Gold, Guns and the Amazon’s Last Frontier

August 25, 2018

Francisco Lima sits in the wooden watchtower, flicking a searchlight on and off as he surveys the dark river for the commercial fishermen who pillage the rivers of the Javari Valley, a remote indigenous reserve on Brazil’s Peruvian border.

His watchtower guards rivers leading into this reserve, home to 6,000 people from eight tribes, each with its own languages and customs, and the world’s highest concentration of “non-contacted” indigenous groups. Only authorised visitors and indigenous locals are allowed to enter. But the 12-volt light that Lima, 55, is operating is unlikely to stop intruders.

“There’s a shortcut,” he says, pointing into the gloom to show how a waterway bypasses the base, which belongs to the Brazilian government’s indigenous agency, Funai. He explains how fishermen flood their canoes, immerse themselves in water, and float silently under the searchlight’s beam.
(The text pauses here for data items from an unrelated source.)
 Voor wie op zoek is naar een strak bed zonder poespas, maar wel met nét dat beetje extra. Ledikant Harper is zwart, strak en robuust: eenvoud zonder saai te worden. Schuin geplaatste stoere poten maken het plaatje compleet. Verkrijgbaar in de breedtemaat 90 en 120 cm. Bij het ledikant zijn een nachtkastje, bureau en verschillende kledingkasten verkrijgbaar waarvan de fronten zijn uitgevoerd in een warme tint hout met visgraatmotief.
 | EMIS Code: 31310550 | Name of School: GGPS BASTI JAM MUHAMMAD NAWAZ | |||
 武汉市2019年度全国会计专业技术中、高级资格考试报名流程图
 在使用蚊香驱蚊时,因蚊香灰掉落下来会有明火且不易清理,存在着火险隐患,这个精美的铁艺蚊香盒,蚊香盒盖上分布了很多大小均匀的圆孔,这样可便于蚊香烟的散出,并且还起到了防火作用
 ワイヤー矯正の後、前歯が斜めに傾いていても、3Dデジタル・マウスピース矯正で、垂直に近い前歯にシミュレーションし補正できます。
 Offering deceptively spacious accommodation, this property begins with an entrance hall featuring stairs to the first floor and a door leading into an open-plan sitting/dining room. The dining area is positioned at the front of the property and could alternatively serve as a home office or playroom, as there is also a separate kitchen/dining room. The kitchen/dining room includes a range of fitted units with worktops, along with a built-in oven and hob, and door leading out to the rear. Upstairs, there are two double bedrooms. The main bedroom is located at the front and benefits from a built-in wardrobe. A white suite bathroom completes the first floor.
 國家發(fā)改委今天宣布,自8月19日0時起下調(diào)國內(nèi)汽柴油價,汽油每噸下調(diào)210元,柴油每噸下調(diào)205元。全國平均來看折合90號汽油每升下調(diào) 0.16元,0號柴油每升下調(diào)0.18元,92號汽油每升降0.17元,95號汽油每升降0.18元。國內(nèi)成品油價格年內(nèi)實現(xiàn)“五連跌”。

This gaggle of wooden huts perched on stilts above the river is one of four Funai bases in the Javari Valley, a wilderness of thick forest, steep ravines and corkscrewing rivers with no roads or cellphone networks – or police. Anacondas and alligators lurk in Javari’s rivers; snakes, jaguars and scorpions roam its forests; monkeys screech in its trees; and it has a lush, tangled beauty mankind has yet to spoil.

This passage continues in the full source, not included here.